Backlash after Georgia school’s new logo resembles Nazi symbol | Georgia

The rollout of a new logo for an Atlanta-area elementary school has been put on hold after parents noted similarities to a Nazi symbol, though a school district said the design was based on the wings of eagle of a US Army colonel.
The Cobb County School District said Tuesday it had halted distribution of the new East Side Elementary School logo in Marietta after being condemned on social media.
The logo features an eagle, the school’s mascot, over the school’s initials ES.
The Nazi eagle, which was developed in the 1920s and later became a symbol for white supremacists, depicts an eagle holding a swastika in its talons.
Georgia’s second-largest school district announced plans to delay the new logo while “immediately considering necessary changes.”

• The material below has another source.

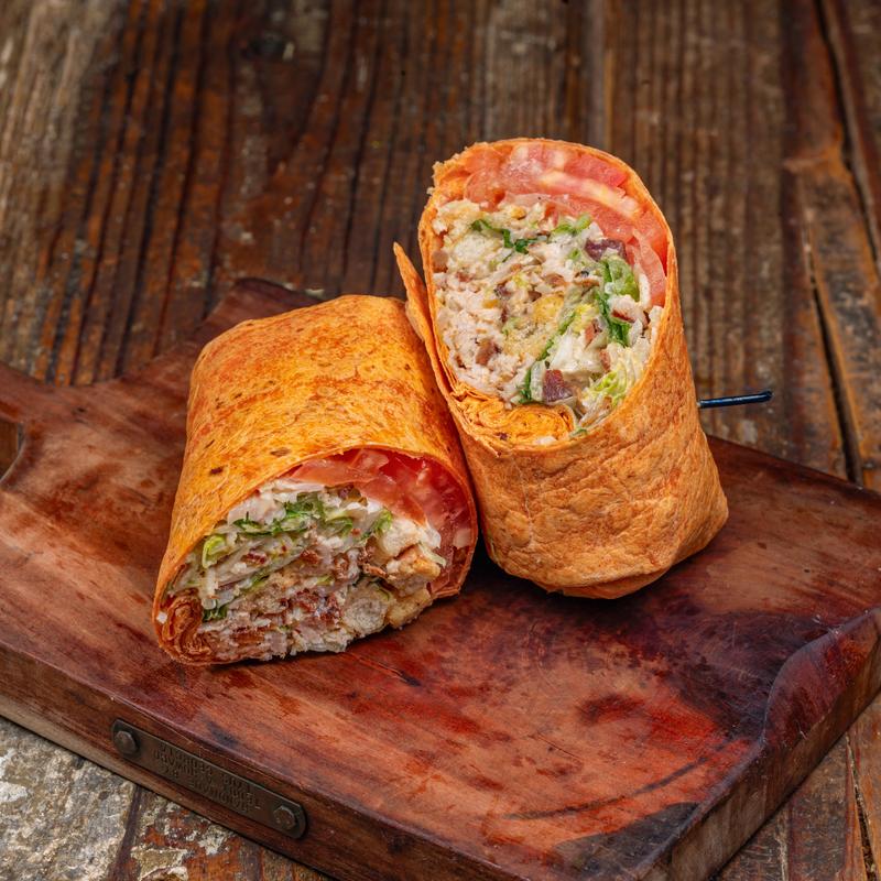 Turkey, bacon, cheddar, sea salt chips, lettuce, pickle, honey mustard, guacamole, sundried tomato wrap
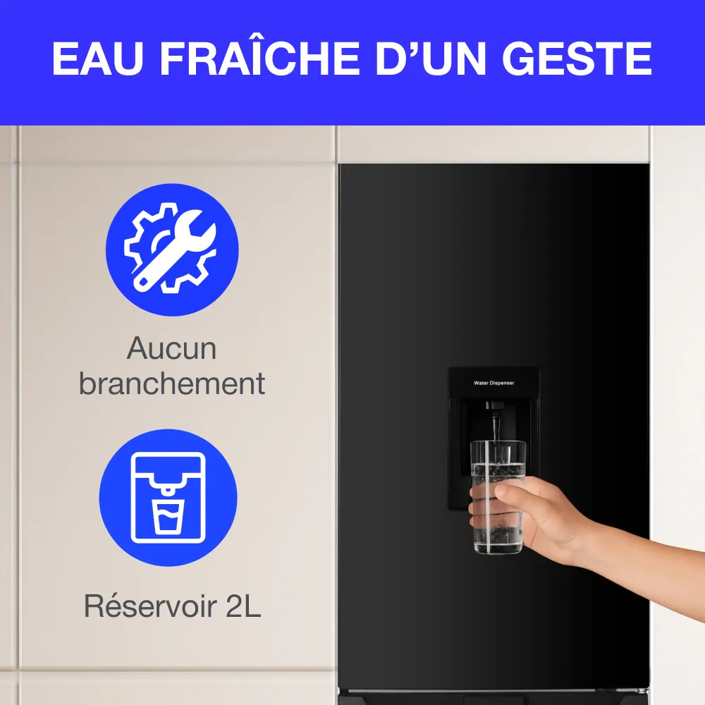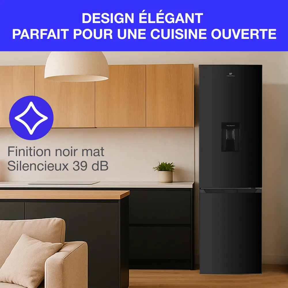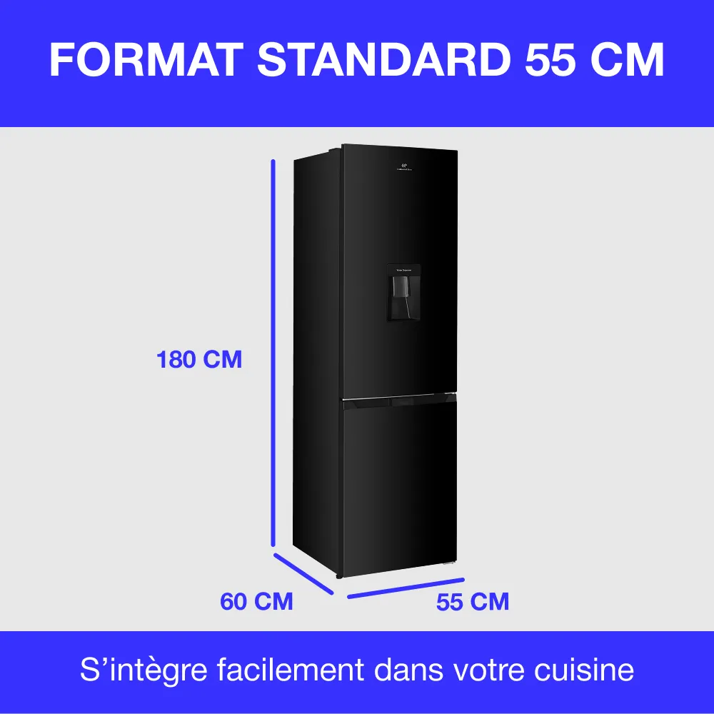 Ce réfrigérateur congélateur bas de CONTINENTAL EDISON, d’une capacité de 251L, dispose du système Total No Frost (Sans givre) pour éviter la formation de givre, d’un distributeur d’eau de 2L, d’un éclairage intérieur, d’un thermostat électronique, d’un dégivrage automatique, de portes réversibles et d’une classe énergétique E. Dimensions : L55 x P60 x H 180 cm. Couleur : Inox.

“We understand and strongly agree that the similarities to Nazi symbolism are unacceptable, although this design is based on the US Army Colonel’s eagle wings, stakeholder input has been and continues to be be important to our schools,” the statement said.
A message to parents on Monday informed them of the new logo, saying it was chosen to “represent the eagle soaring towards excellence and to honor the history of our great school”.
The district worked with all schools to create logos, the post adds. But the design drew a quick reaction on social media.
“I don’t want to see my kids wearing this on their shirts,” Mike Albuquerque, father of two students who will be attending school next year, told the Atlanta Journal-Constitution. “Really, it’s a big oversight by the county and everyone involved in the process who looked at this, not to point out that it looks like Nazi iconography. Or maybe, who knows, someone one called him and he was not heard.
East Side Elementary is across the street from a synagogue. Rabbi Amanda Flaks told WSB-TV she had to look twice at the design.
“I thought, ‘That sounds weird. It makes me feel uncomfortable, “and I came back to it many times and felt more and more uncomfortable and sick each time,” Flaks said, noting that the war eagle had was used by the Nazis during World War II and currently by neo-fascist and neo-Nazi groups.
Flaks said she contacted the school and got an apology from the principal, along with photos of what the school district said the logo was based on. She said she was hurt on many levels, adding: “My children are the great-grandchildren of someone who fled the Nazi regime in Germany and survived the Holocaust.”
Stacy Efart said as a parent and member of the Jewish community, she was outraged.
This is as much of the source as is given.